When the condor_master notices new binaries, it begins a graceful restart, which may not be exactly what you want. On an execute machine, a graceful restart means that running jobs are preempted. Standard universe jobs will attempt to checkpoint, which could be a problem if all machines in a large pool attempt to do this at the same time. If they do not complete within the cutoff time specified by the
KILLpolicy expression (default 10 minutes), then they are killed without producing a checkpoint. You may therefore want to increase this cutoff time, and you may also want to upgrade the pool in stages rather than all at once.

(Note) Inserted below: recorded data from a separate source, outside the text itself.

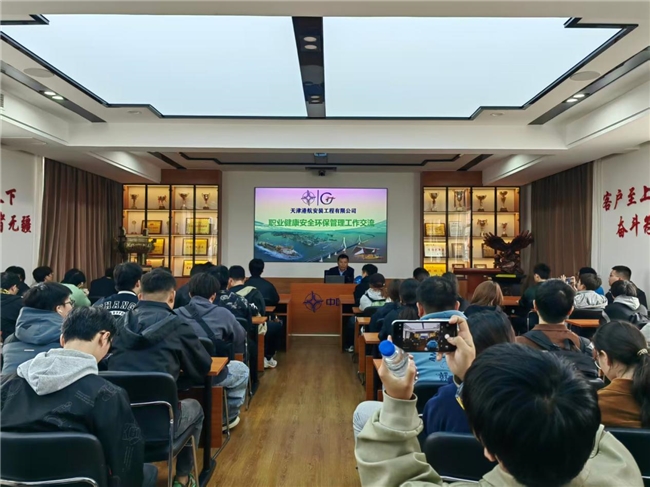 港航安装公司安全环保部围绕十大维度展开交流,具体包括安全文化建设、管理体系建设、标准化建设、班组建设、安全管理信息化建设、环保重点工作、安全环保投入保障及对标交流等内容,全面介绍了港航安装公司安全环保管理实践。随后,师生共同观看《入场安全须知》视频,详细了解进入作业现场的安全规范与注意事项。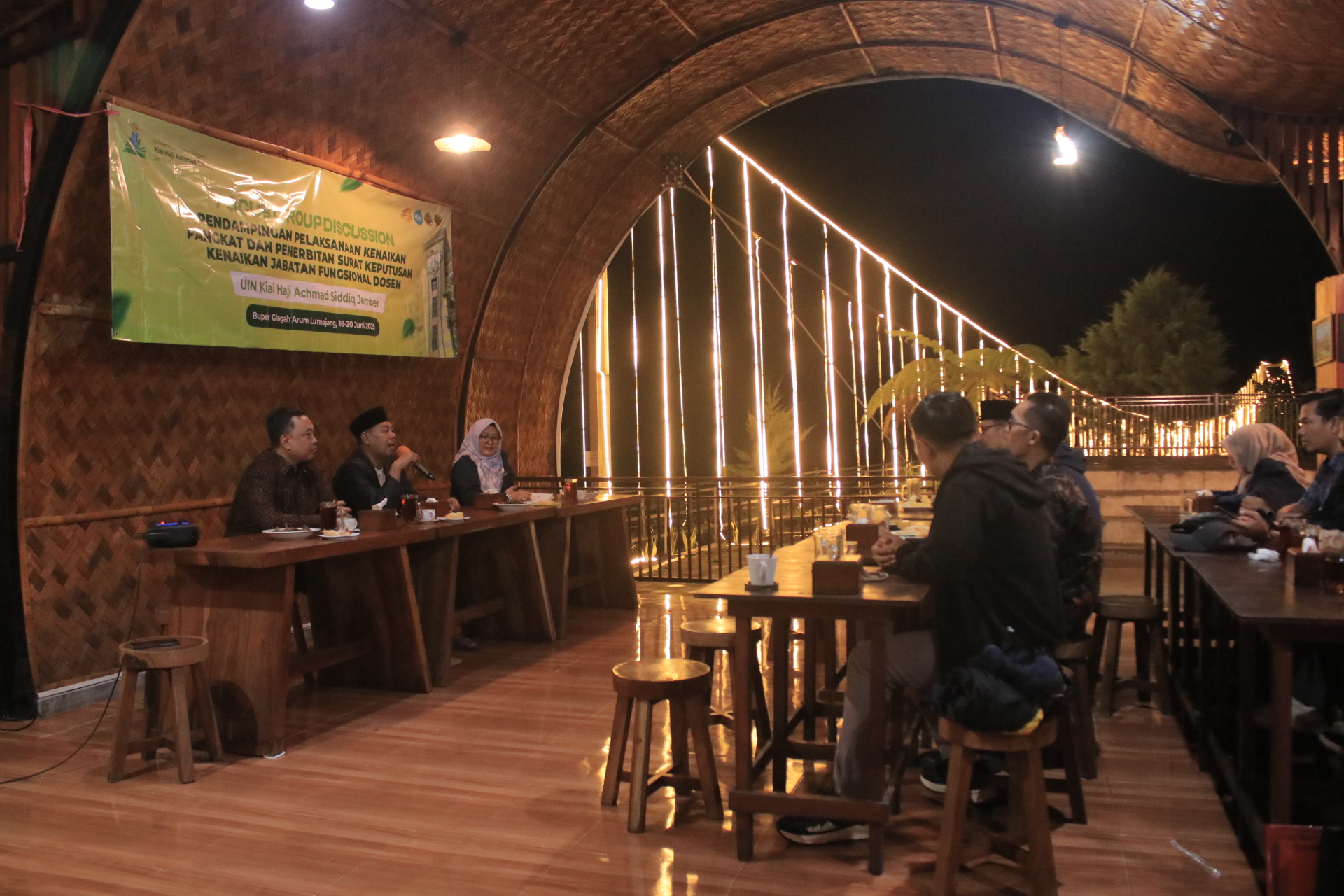 Humas - Universitas Islam Negeri Kiai Haji Achmad Siddiq (UIN KHAS) Jember menggelar Focus Group Discussion (FGD) bertema “Pendampingan Pelaksanaan Kenaikan Pangkat dan Penerbitan SK Jabatan Fungsional Dosen” di Bumi Perkemahan Glagah Arum, Senduro, Lumajang, pada 18–20 Juni 202...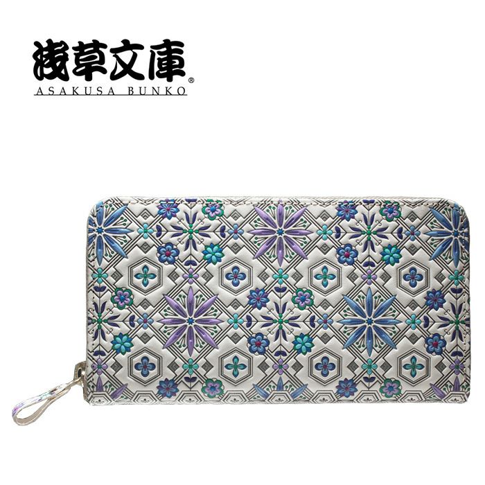 白革に重ねる彩色の芸術品 ギフトにもオススメです ラウンド長財布 花菱柄 【ブルー】 財布 革 長財布 サイフ ラウンドファスナー 女性用 浅草文庫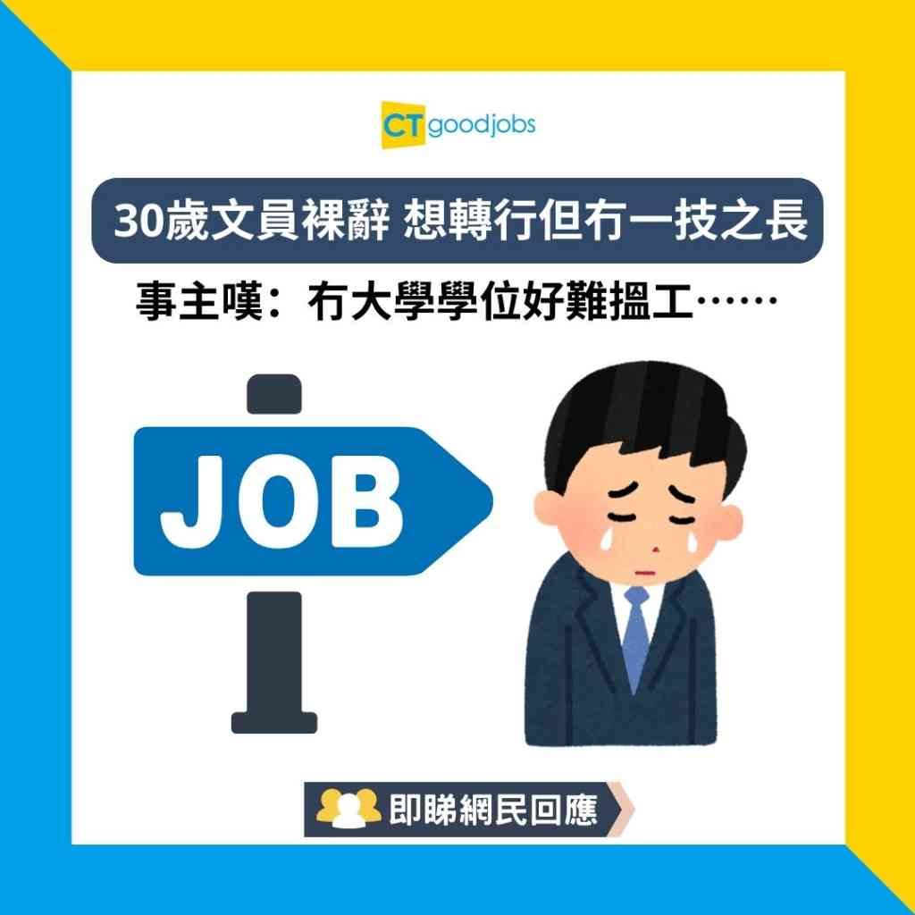樓主:人到30歲發覺自己冇一技之長,對上一份工係返銀行文員仔,最近因為某啲原因祼辭。發覺原來冇大學學位好難搵工,想轉行又唔知轉咩好。網民A:裸辭得嘅就繼續放吓假先囉。

For universes other than the standard universe, jobs are preempted. If jobs have been guaranteed a certain amount of uninterrupted run time with MaxJobRetirementTime, then the job is not killed until the specified amount of retirement time has been exceeded (it is 0 by default). The first step of killing the job is a soft kill signal, which can be intercepted by the job so that it can shut down gracefully, save state etc. If the job has not gone away once the KILL expression fires (10 minutes by default), then the job is forcibly hard-killed. Since graceful shutdown of jobs may rely on shared resources such as disks where state is saved, the same reasoning applies as for standard universe: you may want to increase the
KILL time for large pools, and you may want to upgrade the pool in stages to avoid jobs running out of time.
Another time limit to be aware of is the configuration variable
SHUTDOWN_GRACEFUL_TIMEOUT. This defaults to 30 minutes. If the graceful restart is not completed within this time, a fast restart ensues. This causes jobs to be hard-killed.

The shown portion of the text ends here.